The keenness of responding parties (and sometimes referring parties) to raise jurisdictional challenges about every little (and big) thing is, perhaps, an understandable part of adjudication. It often seems as though parties raise these challenges regardless of whether they believe the challenge has any merit, and irrespective of the stage that the adjudication has reached. Some challenges are simply wide ranging general reservations, others are concerned with more specific grounds.
This need to repeatedly challenge jurisdiction may be fed by a party not wanting to lose its chance to challenge the adjudicator’s decision at the enforcement stage. After all, we have seen a number of cases where, because a party did not raise a challenge at the time, it has been unable to do so later.
Therefore, it came as a bit of a surprise to read the judgment in SG South v Swan Yard. Not only had the adjudicator reached what Coulson J described as an “erroneous” conclusion (he decided that despite the parties not having a written contract, he still had the necessary jurisdiction to act as the adjudicator), but the parties did not challenge this. Unusually, the responding party was happy for the adjudicator to continue and made no challenge during the adjudication or at the enforcement hearing. In fact, had the court not looked at this point, it is arguable that the point would not have arisen at all.
Everyone knows that a construction contract has to be “in writing” (section 107(2), Construction Act 1996) but how often do parties look to section 107(5) (which provides that an agreement will be “in writing” if, during the course of adjudication, arbitral or legal proceedings, one party alleges the existence of an oral agreement and the other party does not deny it)?
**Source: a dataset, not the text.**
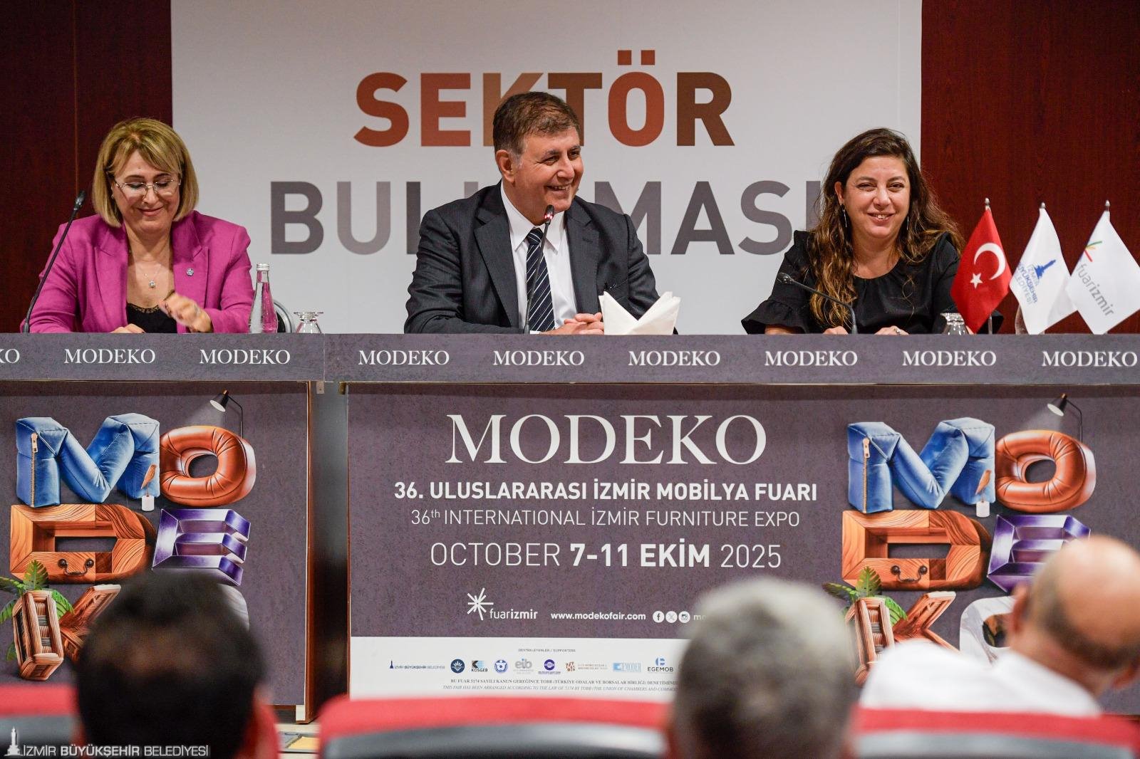İzmir Büyükşehir Belediye Başkanı Dr. Cemil Tugay, Fuar İzmir’de mobilya sektörünün temsilcileriyle bir araya geldi. İzmir Büyükşehir Belediyesi ev sahipliğinde İZFAŞ ve EFOR Fuarcılık tarafından 36. kez 7-11 Ekim 2025 tarihlerinde düzenlenecek MODEKO-Uluslararası İzmir Mobilya Fuarı öncesinde sektör temsilcileri ile buluşan Başkan Dr. Cemil Tugay, istekleri ve ihtiyaçları dinledi. Tugay, geçen yıl Ege Bölgesi’nden yapılan 224 milyon dolarlık mobilya ihracatını, fuara destek vererek artıracaklarını belirtti.

In my view, because of the proliferation of jurisdictional challenges, nowadays it is rare for a situation like this to arise. Usually the adjudicator would just resign. The case certainly wouldn’t reach the courts.
However, one could argue that the parties in SG South adopted a pragmatic approach to a situation that suited them. Much cheaper and quicker to deal with a dispute valued at £100,000 through adjudication than through the courts or in arbitration. After all, had they executed the JCT management contract, adjudication is where the dispute ought to have been dealt with in the first place. Arguably, even if the adjudicator hadn’t made a mistake and had resigned, they could still have given him jurisdiction, and called it an “ad hoc” adjudication.
The “in writing” requirements of the Construction Act 1996 have been heavily criticised, especially in circumstances such as this one. If the amendments ever come into force, this type of case will become a thing of the past, not just the rarity it is today.